Early in the set, I began to wonder if perhaps Arthur had added a backing band that included bass, drums, guitar and Jaffee ditching his accordion for a keyboard to drown out the constant chatter that had occurred over the two previous Friday nights.  With almost every light in the venue powered down in addition to further sound issues, the over all mood of the night was very tenebrous.  Select, darker lines from songs like “Honey and the Moon” and “Faith” sent my mind into places I really didn’t expect it to go.  When you mix this with musicians who very well may not have all known each other the last time Arthur graced the tiny Venice, CA stage – you had a very almost punk rock feel.  You found yourself rooting for the musicians, always pondering if they would make it through a song, or if it would blow up in their faces.  The fact that it was so raw and rough around the edges made it feel Sunset Strip dangerous.

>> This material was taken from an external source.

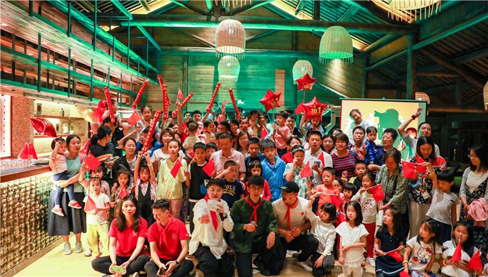 據(jù)了解,此次黃金周,烏村于國(guó)慶當(dāng)天在畫廊處展開(kāi)了“繪長(zhǎng)卷”的活動(dòng),CCO們帶領(lǐng)著小朋友作畫,大家信手涂鴉,描繪出自己心目中的祖國(guó)河山,用自己的畫筆為祖國(guó)慶生。此外,每天上午9點(diǎn)到11點(diǎn)半,烏村私塾還特別開(kāi)設(shè)了國(guó)慶專題折紙課——折五角星以及折紙飛機(jī)等特色課程,每天晚上,在村長(zhǎng)的帶領(lǐng)下,烏村還會(huì)上演精彩的國(guó)慶派對(duì),從搞笑劇表演,到樂(lè)隊(duì)SOLO和互動(dòng)游戲,更有村民大合唱《我和我的祖國(guó)》……精彩不斷。
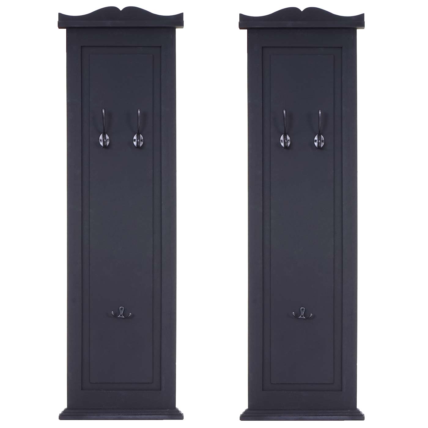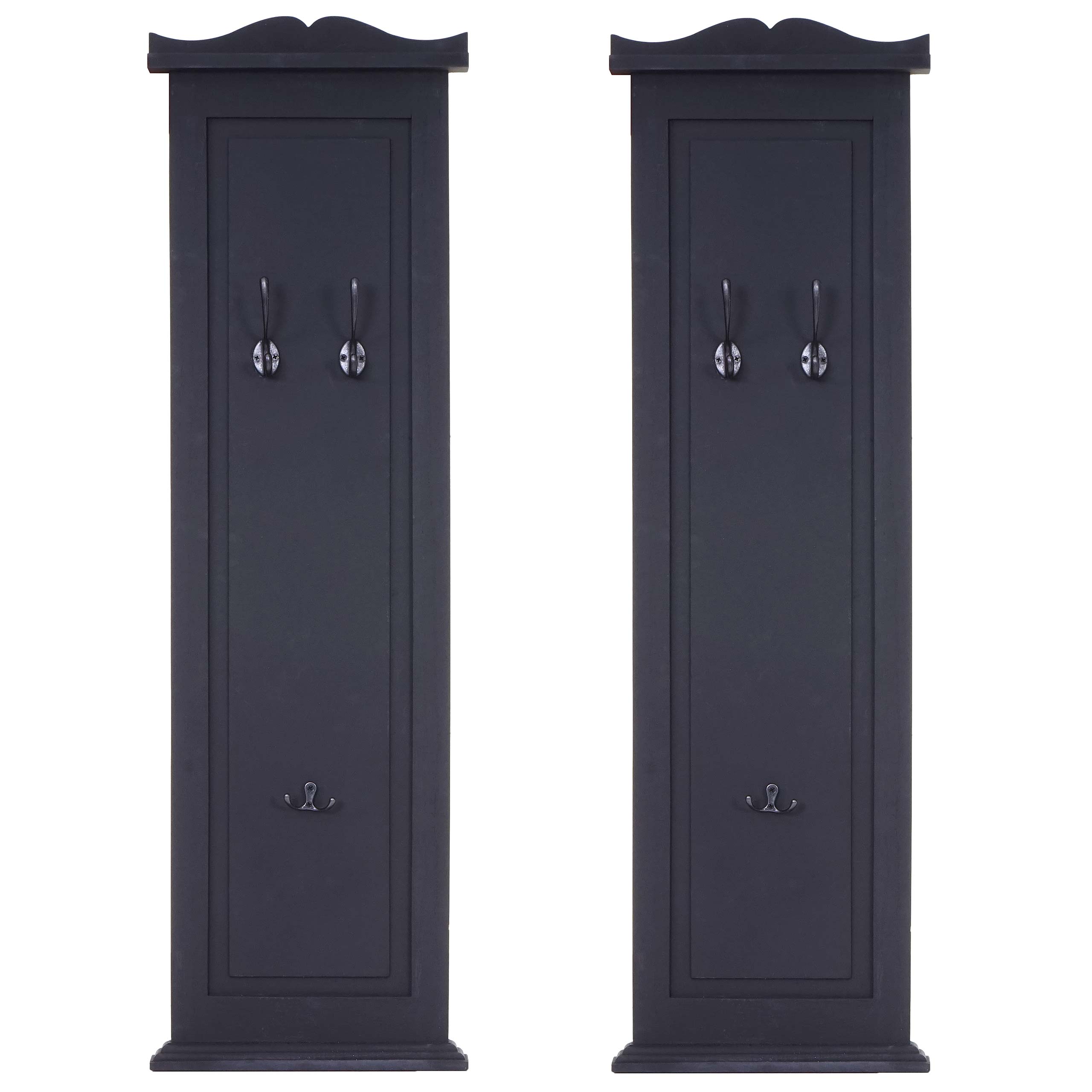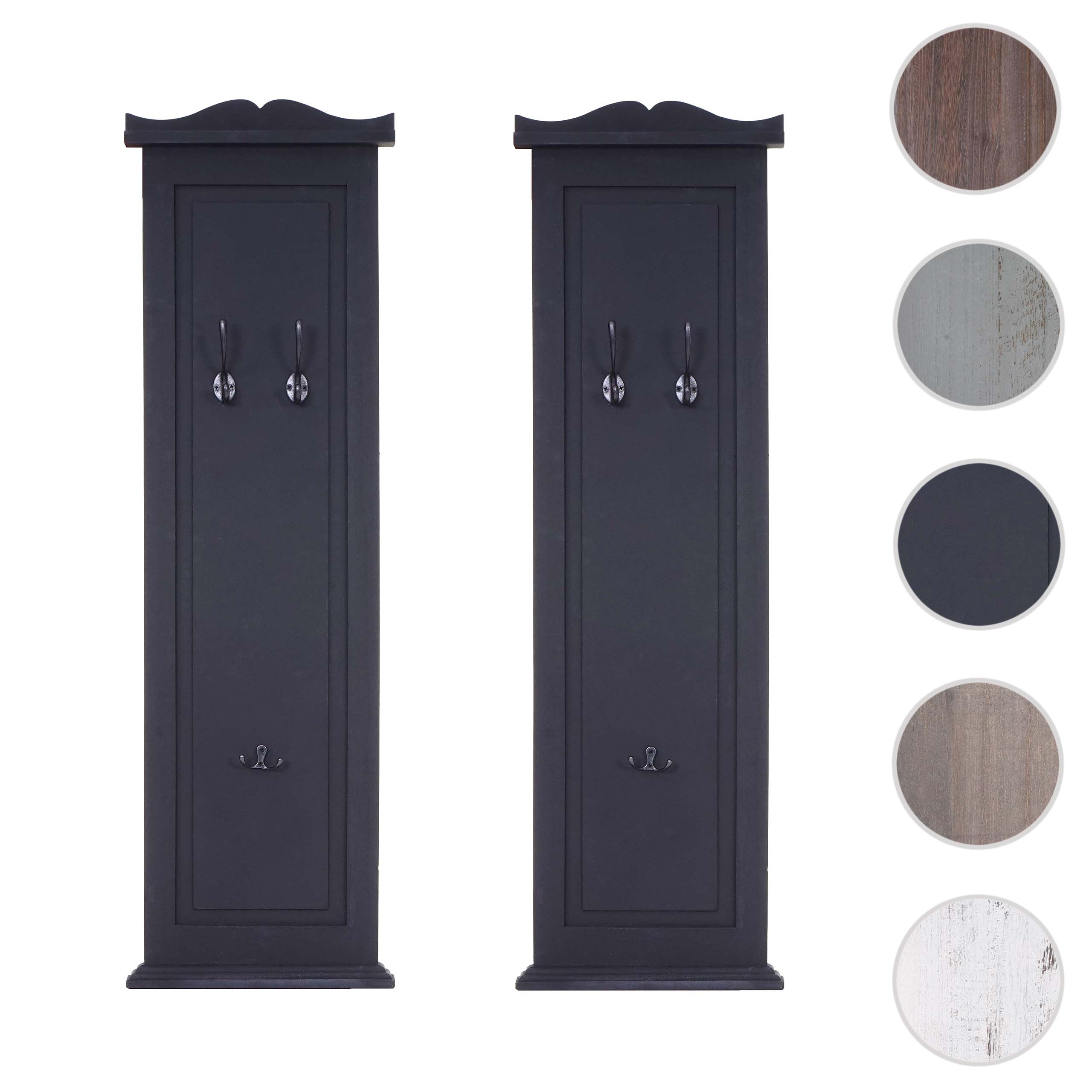 2er-Set Wandgarderobe mit Holzhaken lackiert dunkelgrau

After a rocking jammed out version of “September Baby” Arthur left the stage and introduced a singer named Harper Simon (who according to Wikipedia is the son of Paul Simon).  Dressed in a plaid shirt, the singer performed two songs.  While I was not familiar with the first, the second number was a cover of The Buzzcocks classic Ever Fallen In Love (With Someone You Shouldn’t’ve)?  It took me a minute before I recognized the song, and once the familiarity sank in my smile grew almost as large as the smile Simon was wearing the entire time he was on stage.
Once again, Arthur used the set to create a song on the spot (once again, I assume).  Not aware of the title, I am calling it “I Miss The Zoo”.  After creating a spacey solo over slightly delayed loops, Arthur sang lyrics confessing missing days of addiction.  Dark, depressing yet totally unique and absolutely powerful, this random act of art in the dark lit room ended up the no doubt about it highlight of Friday night.

Keeping his word from the week before that additional special guests would be welcomed – Arthur invited American songwriter, singer, musician, performer and composer for film, dance and theater (thanks Wikipedia) artist David Poe to the stage.  Poe lead the band through a boogie-licious blues stomp called “Joy”.  While I am unfamiliar with the song, it was perhaps the most upbeat moment of the night.

The night wrapped up soon after with Arthur building his loops for “Lack A Vision.”  Once completed (and after knocking over his mic stand – some nights you just can’t win) Arthur brought his easel onto the very packed stage to finish his painting (which featured the names of the various musicians who had shared the stage).  Blowing through his harmonica and singing into the mic, Arthur doodled, painted over existing lines and finished a painting unlike any other of his I had seen.  Much like the music, the work seemed jagged, unsure of what it wanted to be.  What struck me the most was not giving up.  Arthur and his friends fought on all night, and while often frustrated, the art never suffered.  The struggle created beauty that would have never been found if this was a solo acoustic show.  What made the night so magical was watching these musicians discover each other.  Often you could watch one musician squint across the dark stage to confirm they were indeed playing the same chords.  I recently heard a friend say about his child that you can not learn to walk without a few bumps from falling down.  This perfectly sums up week three of Joseph Arthur’s residency – and I can not wait to see what’s in store for our final Friday together.